Measuring $G_{E}^n$ at High Momentum Transfer

A precision measurement of the electric form-factor of the neutron, $G_E^n$, at $Q^2$ up to 3.5 $\mathrm{GeV}^2$ was recently completed in Hall A at the Thomas Jefferson National Accelerator Facility(Jefferson Lab). The ratio of the electric to magnetic form-factors of the neutron, $G_E^n/G_M^n$, was measured through the beam-target asymmetry $A_\perp$ of electrons quasi-elastically scattered off neutrons in the reaction ${}^{3}\overrightarrow{He}(\overrightarrow{e},e' n)$. The experiment took advantage of recent developments of the electron beam and target, as well as two detectors new to Jefferson Lab.

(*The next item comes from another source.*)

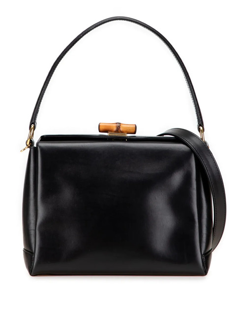 leather body flat leather handle detachable flat leather strap top bamboo twist lock closure interior zip and slip pockets black Serial Number: 000 33 0175 Inclusions: shoulder strap. Condition: GOOD. This previously owned and used item is in good condition with minimal signs of use. This may include fading of material or plating and scratches. Declared Damages: Interior Lining Feature(s) Minor Splitting. Please refer to the photos on this product page for a detailed view of the item, including any damages declared.
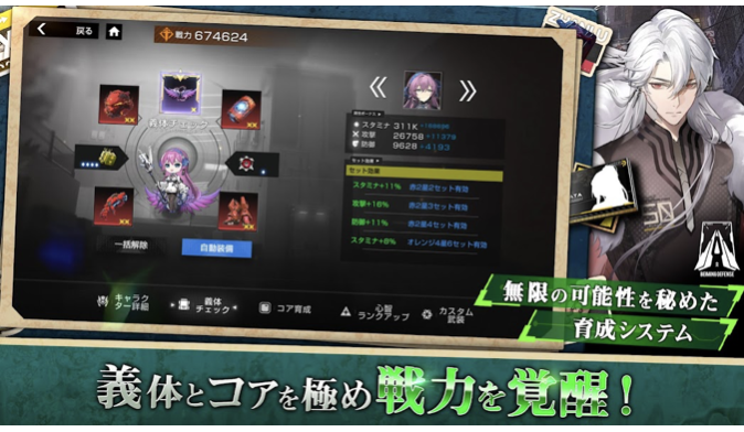 強化のメインになる「コア」を集めて合成し、キャラクター「義体」にセットすることでキャラクターの潜在能力は解放されていきます。

The measurement used the accelerator's 100\% duty-cycle high-polarization (typically 84\%) electron beam and a new, hybrid optically-pumped polarized ${}^{3}\overrightarrow{He}$ target which achieved in-beam polarizations in excess of 50\%. A medium acceptance (80msr) open-geometry magnetic spectrometer (BigBite) detected the scattered electron, while a newly contructed neutron detector observed the released neutron. An overview of the experiment and the experimental motivation will be discussed, in particular the large range of predictions from modern calculations for $G_E^n$ at this relatively high $Q^2$. Finally, the analysis progress and preliminary results will be presented.